START DATA IN THIS EXERCISE

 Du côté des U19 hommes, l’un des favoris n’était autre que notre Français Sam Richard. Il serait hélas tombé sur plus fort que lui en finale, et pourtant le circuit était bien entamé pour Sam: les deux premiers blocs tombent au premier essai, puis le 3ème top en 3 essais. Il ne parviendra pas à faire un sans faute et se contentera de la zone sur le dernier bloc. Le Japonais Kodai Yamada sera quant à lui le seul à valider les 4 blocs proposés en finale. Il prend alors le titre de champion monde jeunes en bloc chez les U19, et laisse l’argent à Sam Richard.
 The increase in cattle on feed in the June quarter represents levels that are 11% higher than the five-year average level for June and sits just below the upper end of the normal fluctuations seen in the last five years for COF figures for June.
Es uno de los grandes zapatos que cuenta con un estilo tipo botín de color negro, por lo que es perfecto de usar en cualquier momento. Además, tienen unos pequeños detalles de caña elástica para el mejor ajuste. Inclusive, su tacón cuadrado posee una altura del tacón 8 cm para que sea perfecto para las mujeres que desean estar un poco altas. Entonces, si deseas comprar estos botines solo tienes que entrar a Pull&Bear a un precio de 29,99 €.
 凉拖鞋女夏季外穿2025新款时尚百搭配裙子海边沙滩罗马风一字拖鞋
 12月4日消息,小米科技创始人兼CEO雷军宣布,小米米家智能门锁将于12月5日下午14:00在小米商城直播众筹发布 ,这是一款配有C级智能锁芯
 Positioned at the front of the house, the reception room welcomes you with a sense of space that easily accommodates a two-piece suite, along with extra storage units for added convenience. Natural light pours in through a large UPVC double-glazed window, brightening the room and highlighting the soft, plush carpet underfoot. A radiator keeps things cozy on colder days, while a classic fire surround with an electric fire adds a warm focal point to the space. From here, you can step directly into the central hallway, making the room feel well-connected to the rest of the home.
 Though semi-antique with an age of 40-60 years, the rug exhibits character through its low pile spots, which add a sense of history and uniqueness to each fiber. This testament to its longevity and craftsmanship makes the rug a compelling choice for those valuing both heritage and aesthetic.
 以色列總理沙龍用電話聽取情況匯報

END DATA IN THIS EXERCISE
START DATA IN THIS EXERCISE

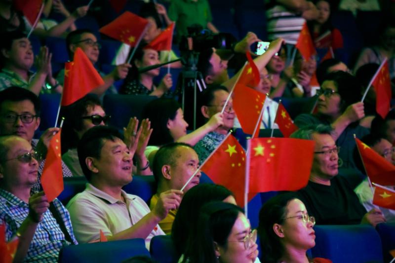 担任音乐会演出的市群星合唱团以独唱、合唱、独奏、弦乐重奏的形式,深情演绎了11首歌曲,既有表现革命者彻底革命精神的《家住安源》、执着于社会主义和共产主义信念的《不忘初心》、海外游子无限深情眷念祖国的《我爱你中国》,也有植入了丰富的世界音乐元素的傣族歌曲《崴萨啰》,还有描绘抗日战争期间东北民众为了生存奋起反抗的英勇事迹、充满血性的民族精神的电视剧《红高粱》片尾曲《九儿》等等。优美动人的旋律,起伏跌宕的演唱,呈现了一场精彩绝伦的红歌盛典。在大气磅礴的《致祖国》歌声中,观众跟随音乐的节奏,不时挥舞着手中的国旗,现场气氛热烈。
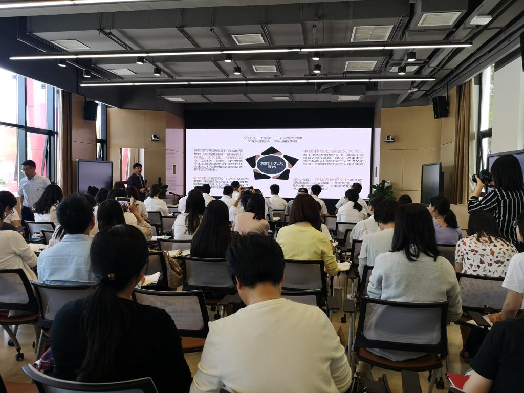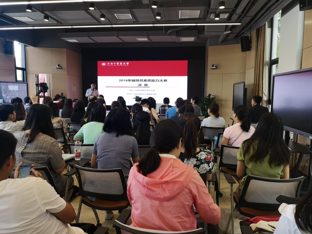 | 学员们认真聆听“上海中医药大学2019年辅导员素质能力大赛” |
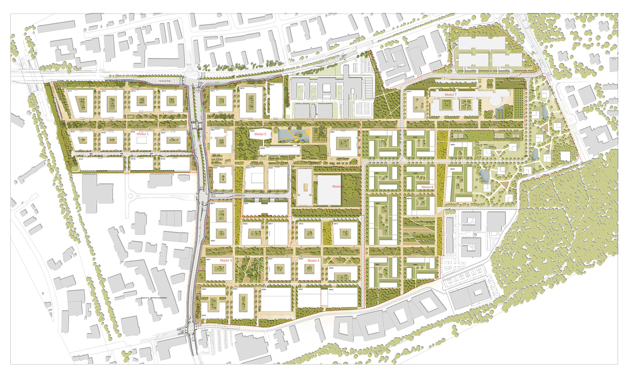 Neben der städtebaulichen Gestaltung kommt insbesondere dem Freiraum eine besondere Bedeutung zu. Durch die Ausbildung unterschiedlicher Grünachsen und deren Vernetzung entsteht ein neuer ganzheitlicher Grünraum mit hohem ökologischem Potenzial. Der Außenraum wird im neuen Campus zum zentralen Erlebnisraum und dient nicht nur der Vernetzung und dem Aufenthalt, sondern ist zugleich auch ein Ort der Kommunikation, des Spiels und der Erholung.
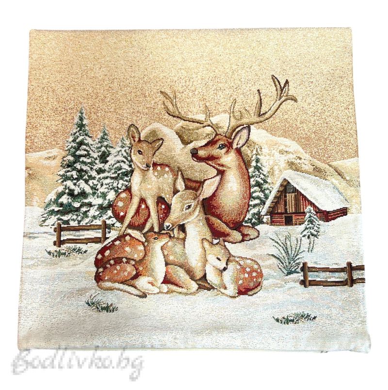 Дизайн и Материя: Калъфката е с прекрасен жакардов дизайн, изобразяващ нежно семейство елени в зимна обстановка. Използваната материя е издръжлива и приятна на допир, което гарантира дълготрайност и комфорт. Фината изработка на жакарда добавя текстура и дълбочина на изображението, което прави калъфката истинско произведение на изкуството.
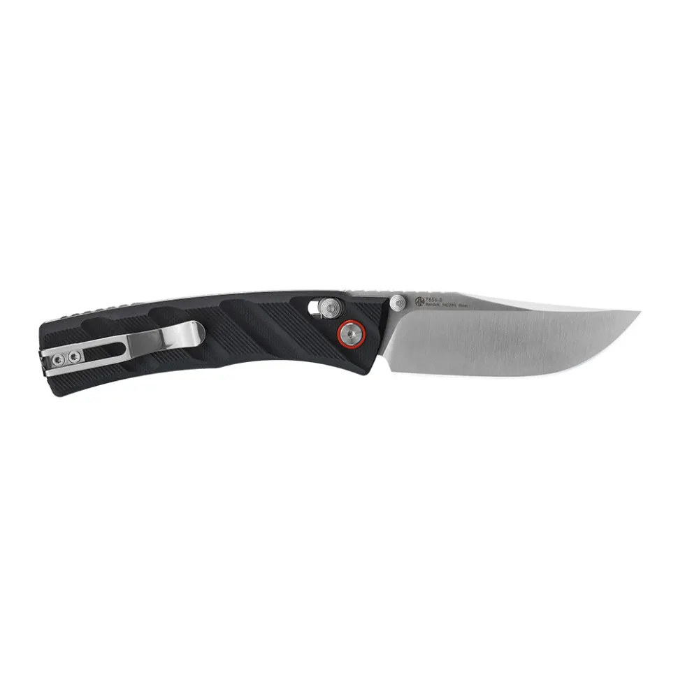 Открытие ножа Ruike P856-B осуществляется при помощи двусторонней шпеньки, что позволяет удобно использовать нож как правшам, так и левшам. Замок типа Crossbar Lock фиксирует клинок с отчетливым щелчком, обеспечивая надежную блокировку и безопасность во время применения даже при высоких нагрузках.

END DATA IN THIS EXERCISE

- **ASSIGNMENT**: Though the entries above contain pictures, none should be copied; reproduce only the lines between the one holding "担任音乐会演出的市群星合唱团" and the one holding "Neben der städtebaulichen", inclusive, exactly as written.

- **ANSWER SPACE**:
 担任音乐会演出的市群星合唱团以独唱、合唱、独奏、弦乐重奏的形式,深情演绎了11首歌曲,既有表现革命者彻底革命精神的《家住安源》、执着于社会主义和共产主义信念的《不忘初心》、海外游子无限深情眷念祖国的《我爱你中国》,也有植入了丰富的世界音乐元素的傣族歌曲《崴萨啰》,还有描绘抗日战争期间东北民众为了生存奋起反抗的英勇事迹、充满血性的民族精神的电视剧《红高粱》片尾曲《九儿》等等。优美动人的旋律,起伏跌宕的演唱,呈现了一场精彩绝伦的红歌盛典。在大气磅礴的《致祖国》歌声中,观众跟随音乐的节奏,不时挥舞着手中的国旗,现场气氛热烈。
 | 学员们认真聆听“上海中医药大学2019年辅导员素质能力大赛” |
 Neben der städtebaulichen Gestaltung kommt insbesondere dem Freiraum eine besondere Bedeutung zu. Durch die Ausbildung unterschiedlicher Grünachsen und deren Vernetzung entsteht ein neuer ganzheitlicher Grünraum mit hohem ökologischem Potenzial. Der Außenraum wird im neuen Campus zum zentralen Erlebnisraum und dient nicht nur der Vernetzung und dem Aufenthalt, sondern ist zugleich auch ein Ort der Kommunikation, des Spiels und der Erholung.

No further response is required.